Great call on golf BUT…
Time on the range and course combined, consider also a similar following b/w Golf and tri magazines (despite that we simply re-read the same articles over and over and over), I was a hopeless golf addict for years b4 getting into racing…BUT
my sleeping, eating, stretching, daydreaming, naps, etc etc. arent really considered as minutes/hours spent training for IM, I find these things are most detrimental to my personal relationships etc. regarding IM training. Not to mention in huge base and super intense build weeks your just spent alot of the time. Beer and a hot dog at the turn is considered nutrition in Golf. Thats the difference.
How about serious and technically-skilled MMA fighters? One of the reasons why I pay attention to the UFC is because the best of those guys have to display mastery in even more disciplines than is required by triathletes. Beyond that, their basic cardio has to be top-notch, consistent weight-training is mandatory, and flexibility is probably off the charts.
I’ve heard about the 10,000 hour benchmark and I think it’s interesting. I read an article from quite a while ago where they quoted a nordic skiing great. I can’t remember who it was…it might’ve been Gunde Svan (it wasn’t Bjorn Daehlie, however)? His belief was that it took 10 years of consistent training and practice to truly learn how to properly classic ski (as opposed to skating).

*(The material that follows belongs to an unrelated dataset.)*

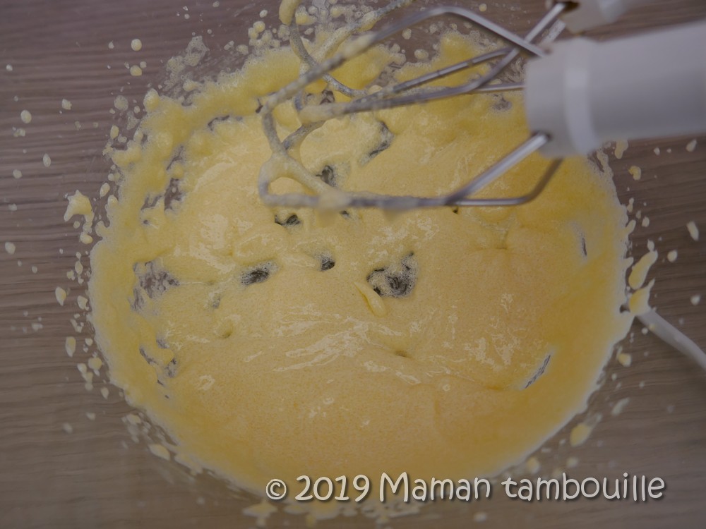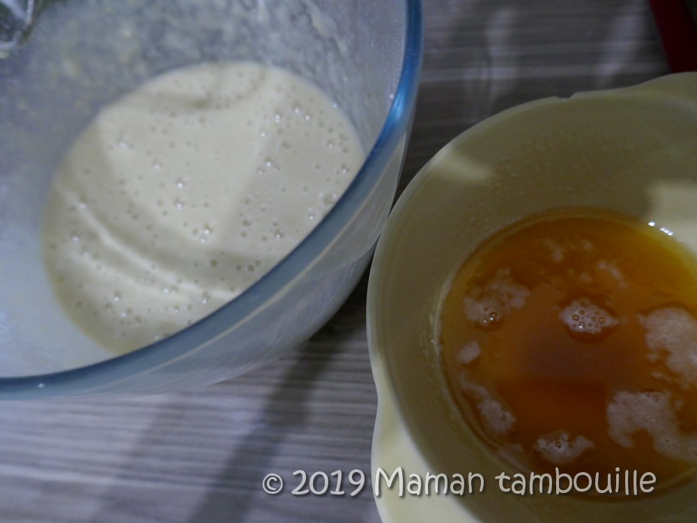 Au bout d’une heure, blanchir le jaune d’oeuf avec 45g de sucre.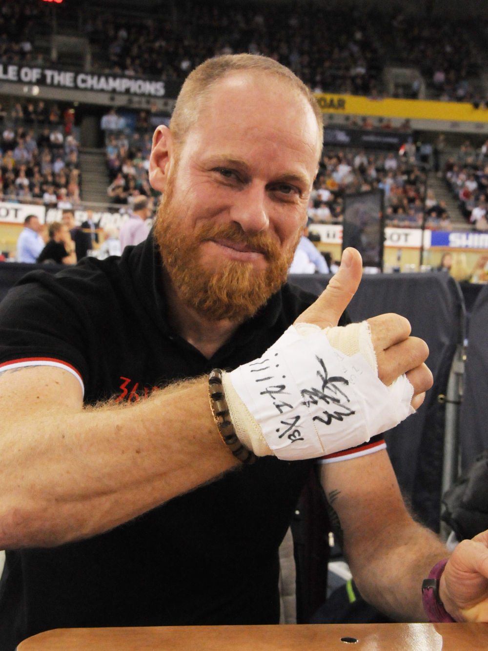 ↑2016年3月6日,2016場地自行車世錦賽賽場上,中國隊的法國籍教練韋蒂展示右手繃帶上的漢字“成功?。?!緣”。

**What other activities can we point to that might parallel IM training in this regard? Something where the end goal is so difficult, your average person would have to work on this task for many hours a week just to meet the bare bones standards of “finishing”? **
How about quilting and/or scrap booking? Both require (what appear to be) huge investments in equipment and time and the degree of finished product varies wildly…
d
Any comment on how long it would take to become “properly” proficient at skate-skiing?
I am a mediocre-form classic skier and have not yet tried skate-skiing, but thinking about it a bit here between sentences, is there even any vaild comparison between the two styles? I’m trying to picture both, and I guess what I see is that world-class classic skiers rely on rhythm and power that they try maintain with tight consistency, whereas for skate-skiers there is more variance in their technique(s).
There’s a great chance that I have no idea of what I’m talking about, and for that I apologize.
I’ve heard about the 10,000 hour benchmark and I think it’s interesting. I read an article from quite a while ago where they quoted a nordic skiing great. I can’t remember who it was…it might’ve been Gunde Svan (it wasn’t Bjorn Daehlie, however)? His belief was that it took 10 years of consistent training and practice to truly learn how to properly classic ski (as opposed to skating).
Ironically, for many years 1,000hrs/year has been the benchmark standard for world class nordic skiers. The Norwegians have studied this extensivly - the great Bjorn Daehle was part of those studies back in the 80’s and 90’s.
Assuming they start to become serious in their early to mid teens, the the goal in the Norwegian elite skiing development group is to build up to roughly 1,000 hrs of training a year by the time they reach their early 20’s. They then fine tune the yearly volume to suit the skier - usually with a bit less overall volume. They did find that 1,000 hrs was some form of break point - that when people started to do more than that, that often performance started to trail off. Reason: More overall fatigue. More down time for injuries and so on.